Why The Ronettes' 'Be My Baby' and Frank Sinatra's 'Strangers in the Night' Have the Same Drumbeat
Frank Sinatra’s music became massively popular again in the mid-1960s, and one of his most famous songs from that era was “Strangers in the Night.” Notably, “Strangers in the Night” reuses the famous drumbeat from The Ronettes’ “Be My Baby.” During an interview, a notable musician explained why that was the case.
A drummer who played on The Ronettes’ ‘Be My Baby’ discussed what happened during Phil Spector’s sessions
Hal Blaine was the drummer who worked on “Be My Baby.” During an interview with The Guardian, he discussed his working relationship with Phil Spector. “I was Phil’s regular drummer,” Blaine said. “He was very superstitious. He always wanted the same studio, the same microphones, the same night — Friday.”
Blaine revealed what happened during Spector’s sessions. “For a normal session, you’d have piano, drums, bass, and guitar,” Blaine revealed. “But Phil would have at least three bass players and four pianists playing at the same time, with seven or eight guitarists strumming.”
Hal Blaine reused a drumbeat on Frank Sinatra’s ‘Strangers in the Night’
Blaine revealed the drums from “Be My Baby” were an accident. “I was like a racehorse straining at the gate,” he recalled. “But [Spector] wouldn’t let me play until we started recording, because he wanted it to be fresh. That famous drum intro was an accident.

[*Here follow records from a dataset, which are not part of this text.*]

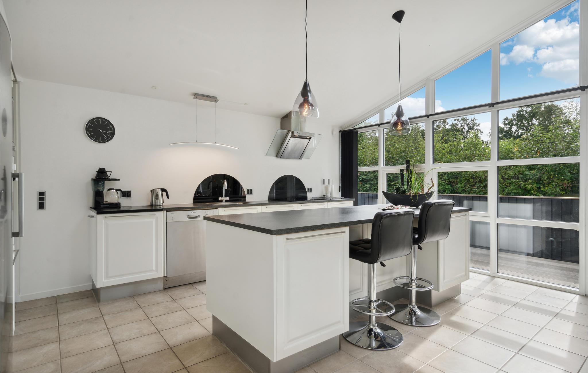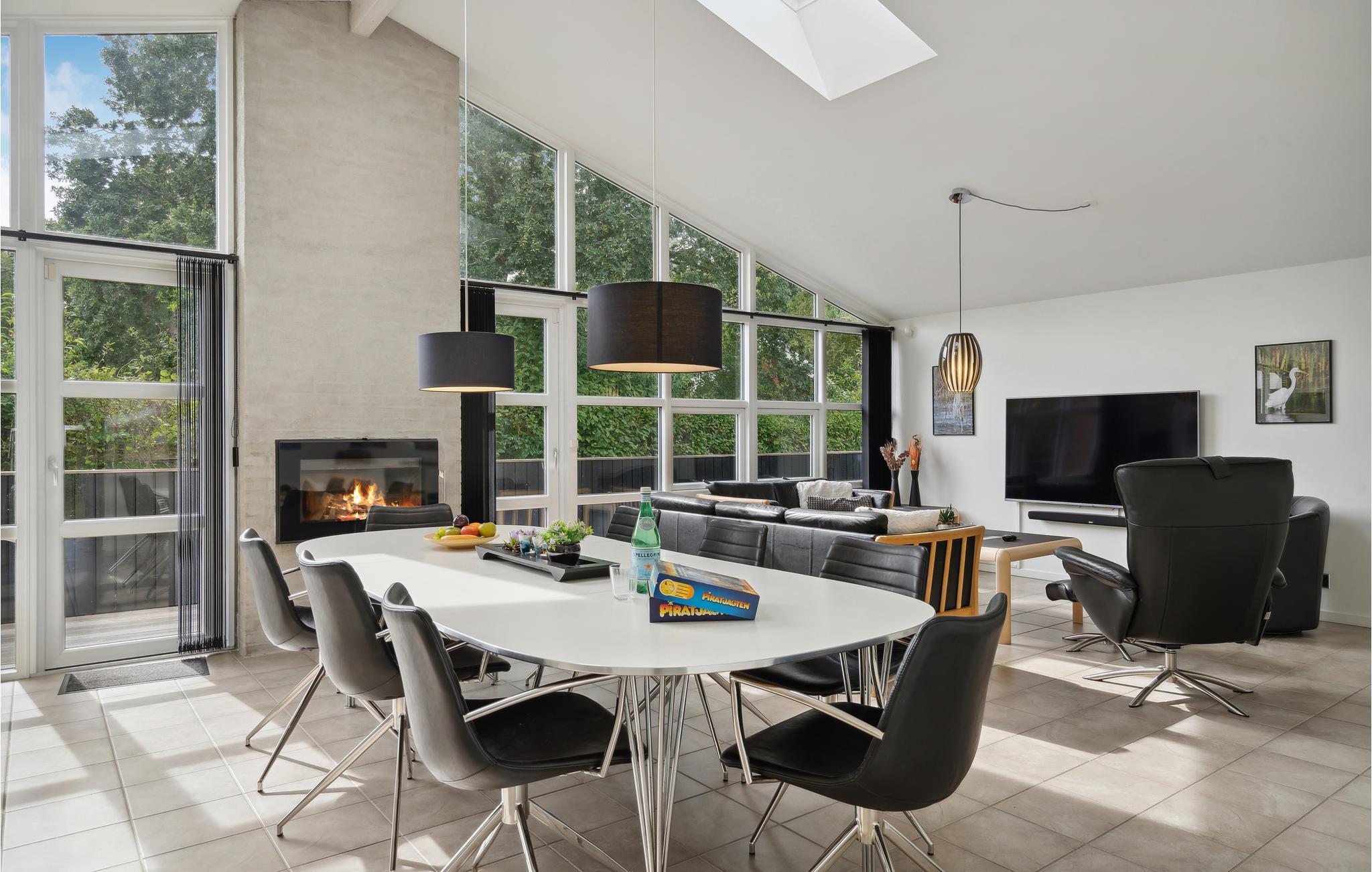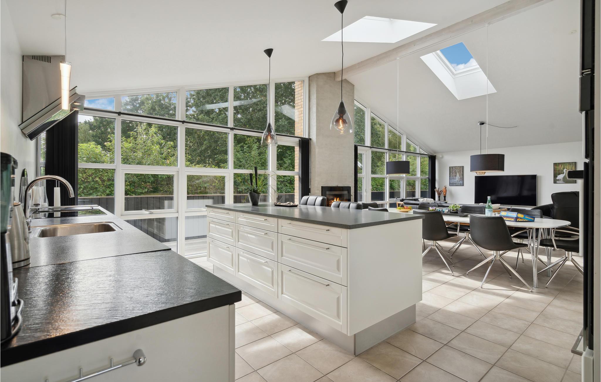 Trakteer jezelf op een ontspannen vakantie op het eiland Langeland en breng een geslaagde gezinsvakantie door in dit lichte en open vakantiehuis. De ruime woonkamer maakt indruk met zijn grote panoramische ramen en dakramen en combineert de keuken, eetkamer en woonkamer in één, zodat je altijd kunt deelnemen aan de gesprekken van anderen. Kom 's avonds samen om bordspellen te spelen aan de eettafel, te genieten van een vuurtje en plannen te maken voor de komende dagen. Het huis is goed uitgerust, waardoor koken in de open keuken een plezier is. Ook wellness wordt niet verwaarloosd. Je kunt je verheugen op een sauna en een bubbelbad geïntegreerd in de badkamer.
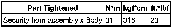 SERVICE SPECIFICATIONS: THEFT DETERRENT SYSTEM: TORQUE SPECIFICATIONS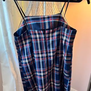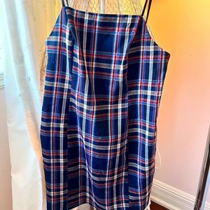 This jumper is in excellent condition. Plaid really pops with its thin small black straps. Dress has a long back zipper.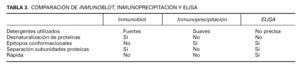 En la tabla 3 se resumen las ventajas y desventajas de las técnicas de inmunoblot, inmunoprecipitación y ELISA.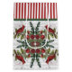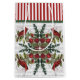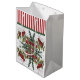 Navidades Cardenal sobre la bolsa de regalo de bifurcación de pino con franja roja y blanca enmarcada por una banda verde.

I was supposed to play the snare on the second beat as well as the fourth, but I dropped a stick.”
Blaine left in the mistake and reused it on Sinatra’s “Strangers in the Night.” “Being the faker I was in those days, I left the mistake in and it became: ‘Bum-ba-bum-BOOM!’ And soon everyone wanted that beat. If you listen to me in Frank Sinatra’s ‘Strangers in the Night,’ I’m playing the ‘Be My Baby’ beat, just very softly.”
The way the world reacted to The Ronettes’ ‘Be My Baby’ and Frank Sinatra’s ‘Strangers in the Night’
Both “Be My Baby” and “Strangers in the Night” became huge hits; however one was more popular. “Be My Baby” peaked at No. 2 on the Billboard Hot 100. It remained on the chart for 13 weeks. The song’s parent album, Presenting the Fabulous Ronettes Featuring Veronica, reached No. 96 on the Billboard 200 and lasted eight weeks on the chart.
“Strangers in the Night” became even more popular in the United States. The song hit No. 1 on the Billboard Hot 100 for one week and stayed on the chart for 15 weeks in total. “Strangers in the Night” appeared on Sinatra’s album of the same name. The album spent one week atop the Billboard 200 and 73 total weeks on the chart. “Strangers in the Night” reused the drumbeat from “Be My Baby,” but it became more popular than the song that inspired it.